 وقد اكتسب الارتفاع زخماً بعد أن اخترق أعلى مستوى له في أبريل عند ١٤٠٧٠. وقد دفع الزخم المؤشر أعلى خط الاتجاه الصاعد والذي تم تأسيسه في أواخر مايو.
--
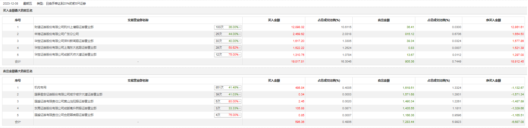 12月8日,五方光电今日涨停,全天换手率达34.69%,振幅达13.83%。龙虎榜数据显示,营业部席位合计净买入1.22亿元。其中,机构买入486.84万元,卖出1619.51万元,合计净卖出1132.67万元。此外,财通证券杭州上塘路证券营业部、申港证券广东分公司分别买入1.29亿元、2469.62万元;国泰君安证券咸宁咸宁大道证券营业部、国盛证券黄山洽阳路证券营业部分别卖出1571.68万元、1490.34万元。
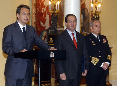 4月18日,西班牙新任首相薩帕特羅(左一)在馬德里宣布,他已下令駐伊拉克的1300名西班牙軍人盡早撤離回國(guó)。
...
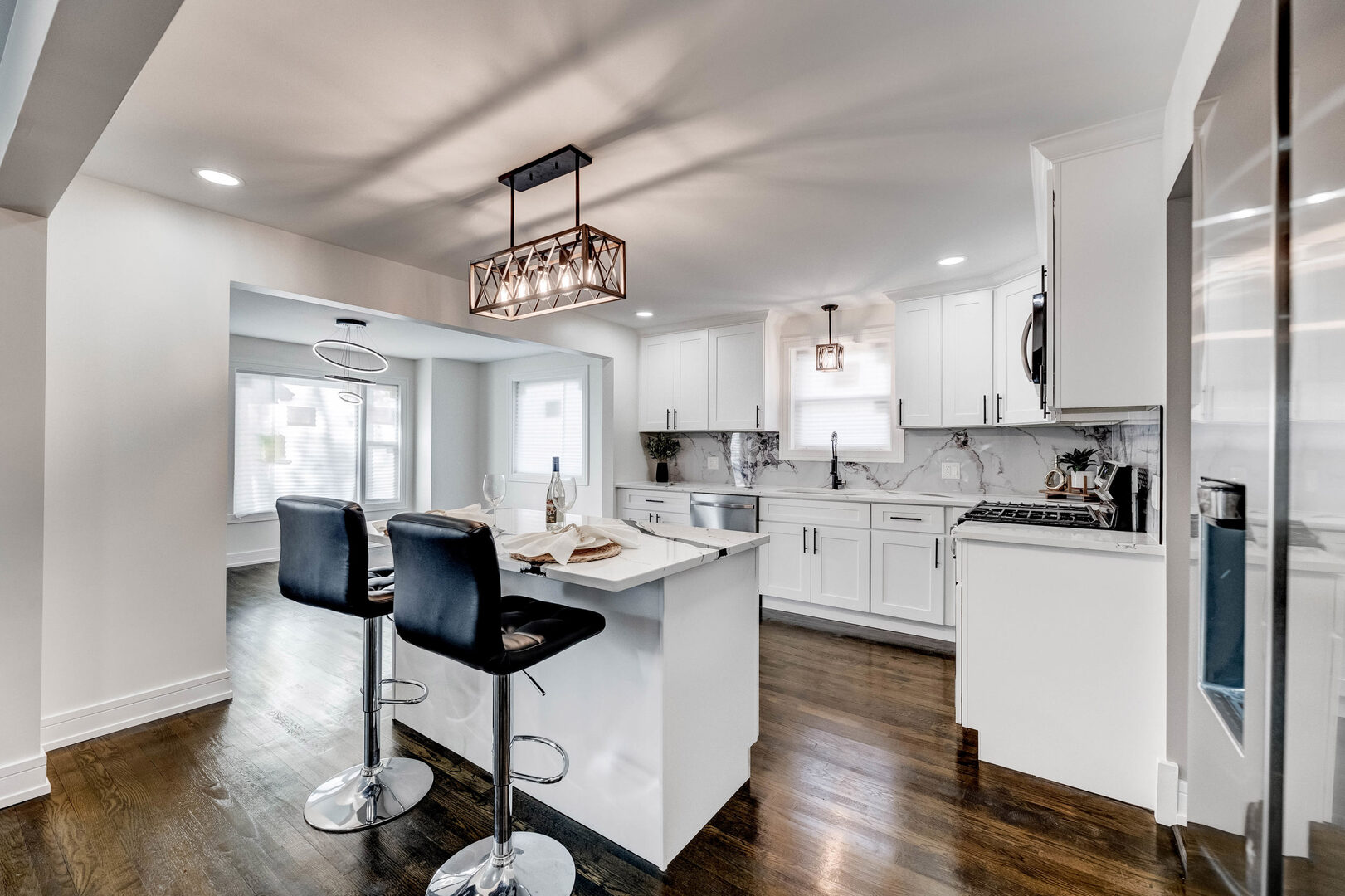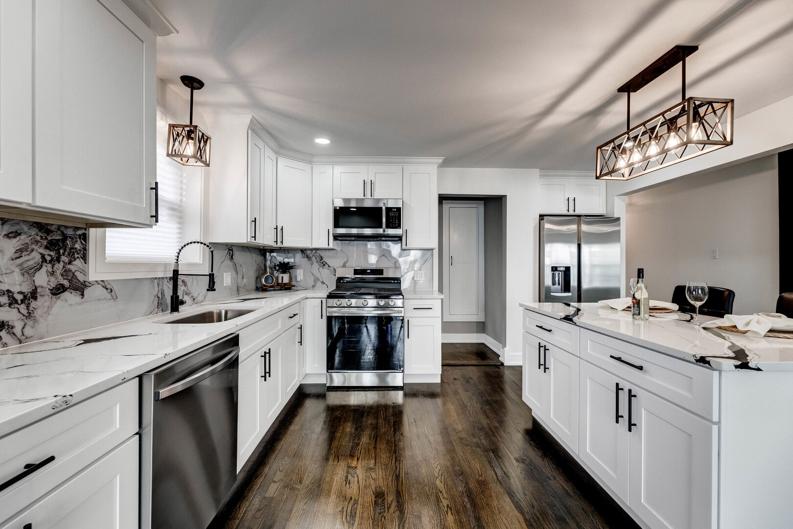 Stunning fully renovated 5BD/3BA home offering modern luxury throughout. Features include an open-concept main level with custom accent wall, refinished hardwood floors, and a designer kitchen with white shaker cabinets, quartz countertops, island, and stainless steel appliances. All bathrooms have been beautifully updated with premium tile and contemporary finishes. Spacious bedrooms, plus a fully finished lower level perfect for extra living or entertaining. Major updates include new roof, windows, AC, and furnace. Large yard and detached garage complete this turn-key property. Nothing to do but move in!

▸ TASK TO CARRY OUT
Exact copy, pictures excluded: from the line with "12月8日,五方光电今日涨停" up to and including the line with "4月18日,西班牙新任首相薩" in the data above.

▸ WRITTEN RESPONSE
 12月8日,五方光电今日涨停,全天换手率达34.69%,振幅达13.83%。龙虎榜数据显示,营业部席位合计净买入1.22亿元。其中,机构买入486.84万元,卖出1619.51万元,合计净卖出1132.67万元。此外,财通证券杭州上塘路证券营业部、申港证券广东分公司分别买入1.29亿元、2469.62万元;国泰君安证券咸宁咸宁大道证券营业部、国盛证券黄山洽阳路证券营业部分别卖出1571.68万元、1490.34万元。
 4月18日,西班牙新任首相薩帕特羅(左一)在馬德里宣布,他已下令駐伊拉克的1300名西班牙軍人盡早撤離回國(guó)。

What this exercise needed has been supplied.